Awalil juga menyoroti perlunya transparansi data dan laporan keuangan untuk membangun kepercayaan para investor terhadap proyek-proyek yang dikelola Danantara.
"Jika Danantara mau sukses, intervensinya harus seminimal mungkin dan hanya boleh lewat peraturan, bukan diskresi. Danantara harus transparan agar publik bisa ikut membela kinerjanya di masa depan," katanya.
Guru Besar Fakultas Ekonomi dan Bisnis Universitas Diponegoro Akhmad Syakir Kurnia mengingatkan agar pengalihan dividen BUMN ke kas Danantara tidak mengganggu akuntabilitas fiskal atau mengurangi penerimaan negara dalam waktu dekat.
"Pengalihan dividen dari BUMN ke kas BPI Danantara harus diikuti dengan peningkatan kinerja yang eksponensial agar masyarakat tidak merasa kehilangan manfaat publik yang biasanya disalurkan melalui APBN," ujar Syakir.
Syakir juga memberikan penekanan khusus pada sistem pengawasan lembaga ini karena posisinya berada langsung di bawah kendali Presiden.
"Keberanian pemerintah dalam membentuk BPI Danantara harus dibarengi dengan keberanian untuk membuka diri terhadap pengawasan publik yang lebih ketat," katanya.
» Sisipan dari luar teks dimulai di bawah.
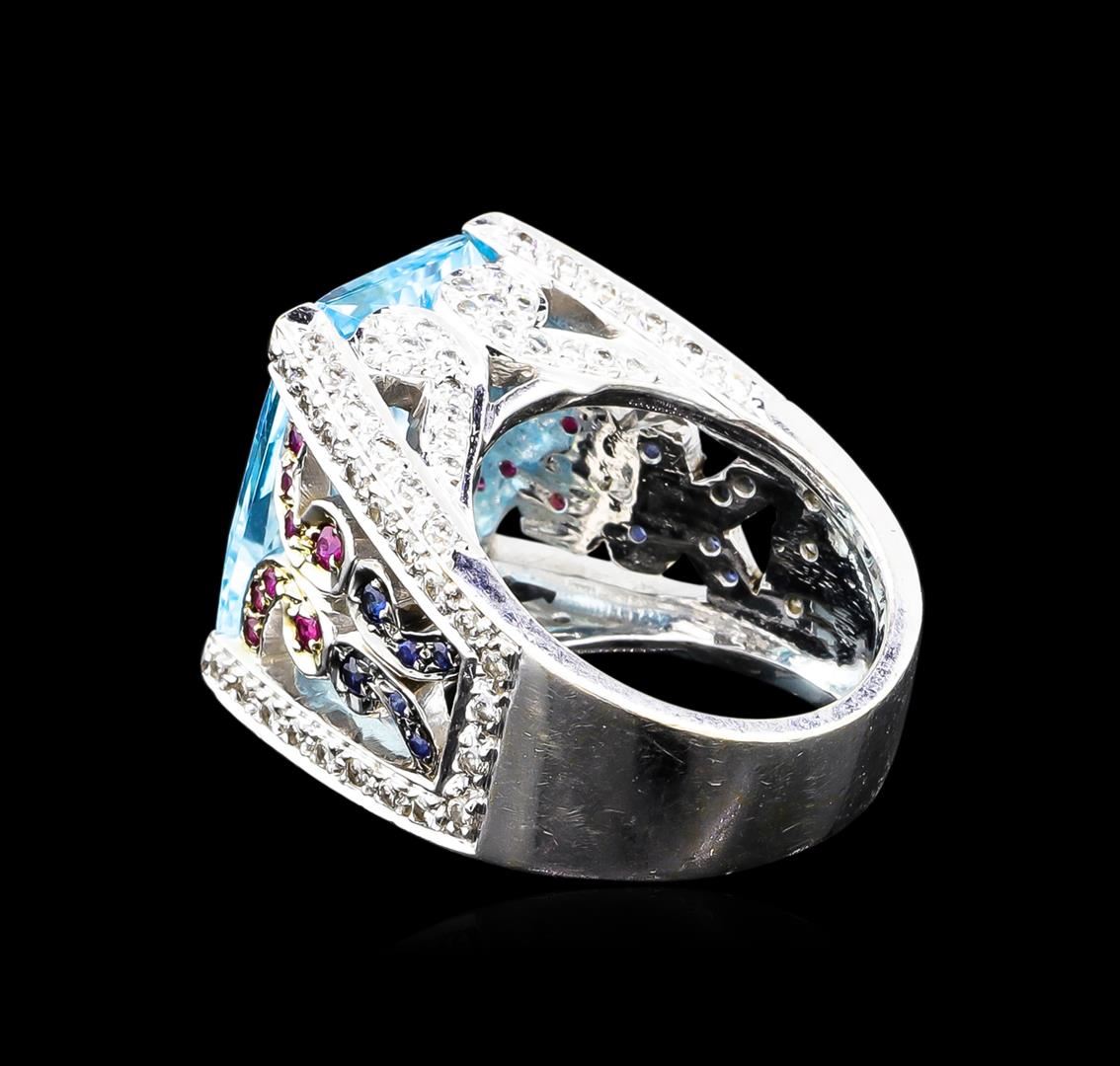 One ring featuring: 14KT white gold weighing 20.51 grams containing one blue topaz with a total weight of 20.00ct, blue sapphires with a total weight of 0.15ct, rubies with a total weight of 0.16, and side diamonds with a total weight of 1.05ct.
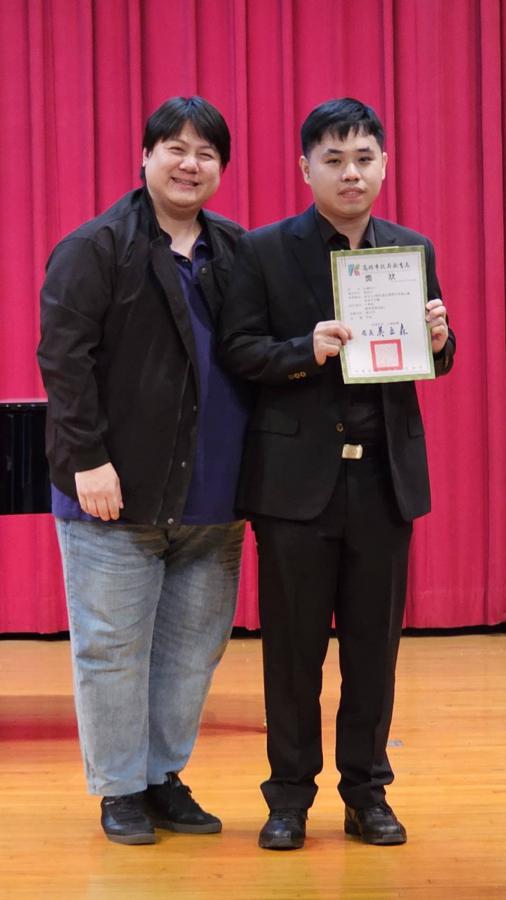 值得一提的是,楊碩宇同學亦為學校的特殊教育學生,自幼便展現出優異的專注力及高度音樂天賦,擅長小提琴及鋼琴。在家人悉心陪伴與學校友善的支持下,他深耕音樂領域多年,並持續透過音樂帶給聽眾無窮的感動與喜悅。此次獲獎,再次印證了潛能無限的信念,證明只要給予適當的環境與支持,每位學生都能在各自擅長的舞台上綻放光芒。

Ia menambahkan bahwa regulasi pembentukan badan ini harus tetap memberikan ruang yang luas bagi masyarakat untuk memantau kinerjanya secara terbuka.
"Harapan boleh saja dilambungkan setinggi langit mengenai penataan kelembagaan ini, namun sejarah ekonomi ekstraktif memaksa kita untuk tetap kritis karena ruang untuk meminta transparansi publik terasa sudah mengkhawatirkan secara desain undang-undang," ujarnya.
Pengamat ekonomi Universitas Paramadina Wijayanto Samirin menilai penyatuan unit usaha dalam Danantara akan menekan inefisiensi akibat tumpang tindih bisnis anak perusahaan BUMN.
"Danantara ini seperti keranjang berisi telur-telur BUMN, dulu berserakan, tapi sekarang di dalam satu keranjang sehingga lebih gampang menjaganya, meski kita tetap harus mengawal bersama agar tidak terjadi penyalahgunaan yang bisa merugikan negara," ujar Wijayanto.
Saat ini, prioritas utama Danantara adalah menyusun laporan keuangan konsolidasian yang diaudit demi menetapkan standar transparansi baru. Langkah ini diperkirakan dapat meningkatkan valuasi aset negara sebesar 40 persen dan menghemat biaya operasional hingga Rp60 triliun tiap tahunnya.